昨日は「東方三賢者の日」で、ここBW州では祝日。
これは、カソリック系の祝日なので、プロテスタントの強い北ドイツでは、祝日ではなく、子供たちが各戸を訪問して歌って寄付を集める習慣もないそうだ。
恵子と賢浩は、「Sternsinger」として、1月2日、5日、6日の3日間、このボランティア活動に参加した。通常は、東方の三賢者に扮した子供3人と付き添いの大人の4人ひとチームで、割り振られた地域を回る。今年は17グループで、わが町を隅々までまわった。17グループのうち、3グループは子供が4人だったそうだ。それなら18グループ作ればいいと思うのだが、付き添いしてくれる大人の数が足りなく、恵子たちのグループは、大人なしで、子供3人でまわった と言っていた。
子供の役割は、歌うことと寄付をお願いすること。付き添いの大人の役割は、訪問した家のドアに「20*C+M+B+12」とチョークで書くこと、留守だった場合は、郵便受けに寄付のお願いと振込用紙を投函すること、そして、どの家を回るか、リストをチェックしていくこと。
恵子たちのグループは、14歳、13歳、12歳の女の子たちのグループで、恵子をのぞく二人は、家族ぐるみで教会活動に深くかかわっているので、大人なしでも大丈夫と判断されたのだろう。でも、「あれ、子供だけなの?」と質問されたこともあったらしい。
二人とも、毎回、ものすごい数のお菓子をもらって帰ってきた。ドイツ人でも、北ドイツから引っ越してきた人は、この「Strensinger」の習慣をしらないから、仮装している子供を見て、ハロウィンと勘違いして、お菓子だけをくれた人もいた、と言っていた。でも、メインは、寄付を募ること。今年は、「マリ」の協会の慈善団体に寄付するのが目的。明らかに、居留守を使う人もかなりいるらしい。まあ、私も、このStrensingerには、何の思い入れもないので、1年に約10件ぐらい、いろいろな団体、寄付をお願いしますとうちに来るのだけど、そのひとつに過ぎない。Sternsingerについては、自分や近所の子供たちが関与しているから積極的にドアを開け、寄付をしてお菓子をあげる、ということをしているまで。居留守を使う人の気持ちもわからないではない。賢浩が、「いるのに、ドアを開けない。」「50セントしか寄付しない人がいた。」とか、文句を言ったので、「寄付は、強制するものじゃないから。たとえ1セントでも、寄付する義務はないのだから、寄付してくれたら、ありがたいと思わなくてはダメだよ。」とたしなめた。昨日は、気前よく50ユーロを寄付してくれたおじいさんがいたそうだ。その人は、「うちにお菓子がないから、これでみんなで買いなさい」と賢浩たち4人に20ユーロをくれたので、4人で5ユーロづつわけたらしい。

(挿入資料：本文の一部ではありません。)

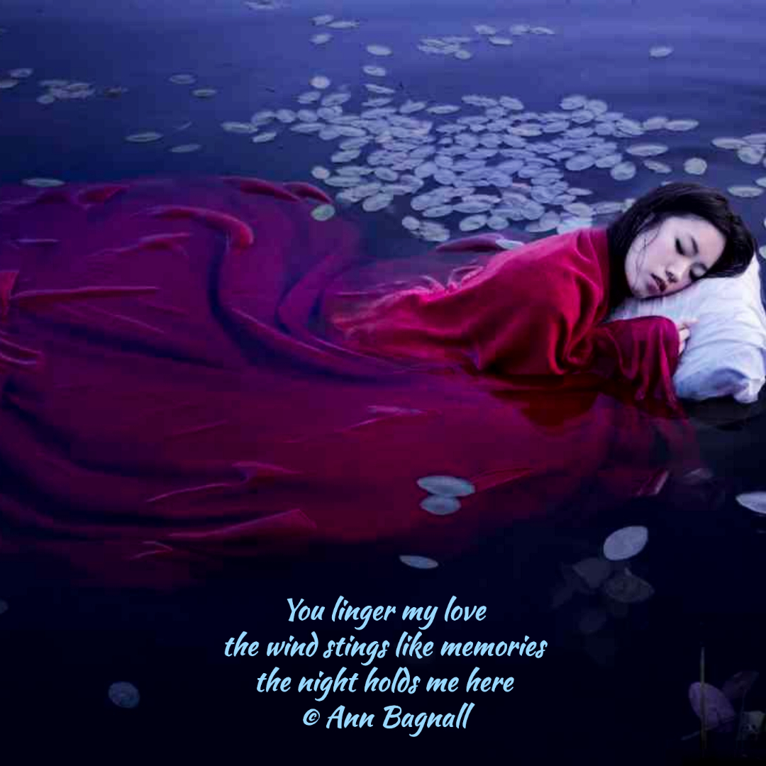 August 19, 2023August 17, 2023 You linger my lovethe wind stings like memoriesthe night holds me here© Ann Bagnall Share this: Email a link to a friend (Opens in new window) Email Tweet Print (Opens in new window) Print Like Loading... Related

昨日もおとといも雪やみぞれで、寒いかった。特におとといは、ものすごい吹雪で、こんななか外に出るのは、かわいそうに思った。子供たちは足元がビシャビシャに濡れ手いる状態で家に帰ってきた。しかも、かえって来る時間が遅い、恵子は、初日は9時過ぎ、そのほかの日でもいつも8時過ぎ。外周りが終わった後、教会の集会所で着替え、顔のドーランを落とし、少し軽食を食べたりできるのだそうだ。だから、実際には、9時まで募金活動をしているわけではないが、それでも、6時ぐらいまでには終わるべきではないかと思った。確かに、お菓子はたくさんもらえるけど、大きい子には魅力あるボランティアとは思わない。恵子たちのグループは、年齢的に上から2番目のグループだったらしく、恵子以外の子は、親が教会活動に深くかかわっている人たち。教会に関係なかったら、あえてやりたいとは思わないのではないかと思う。でも、恵子は、最初は嫌がっていたのに、「来年も頼まれたら、やってもいいと思っている。」と言った。
とにかく、今我が家はお菓子であふれている。ニコチャンは、「僕も、Strensingerやりたい!」と今から言っている。こんなにお菓子が目の前にあるのに、ニコちゃんは、まだ食べられる状態にはない。ニコチャンの口臭がすさまじい。手術の傷跡がいえていないから、仕方ないらしいが、すごく気になる。いつになったら、元に戻るのだろうか?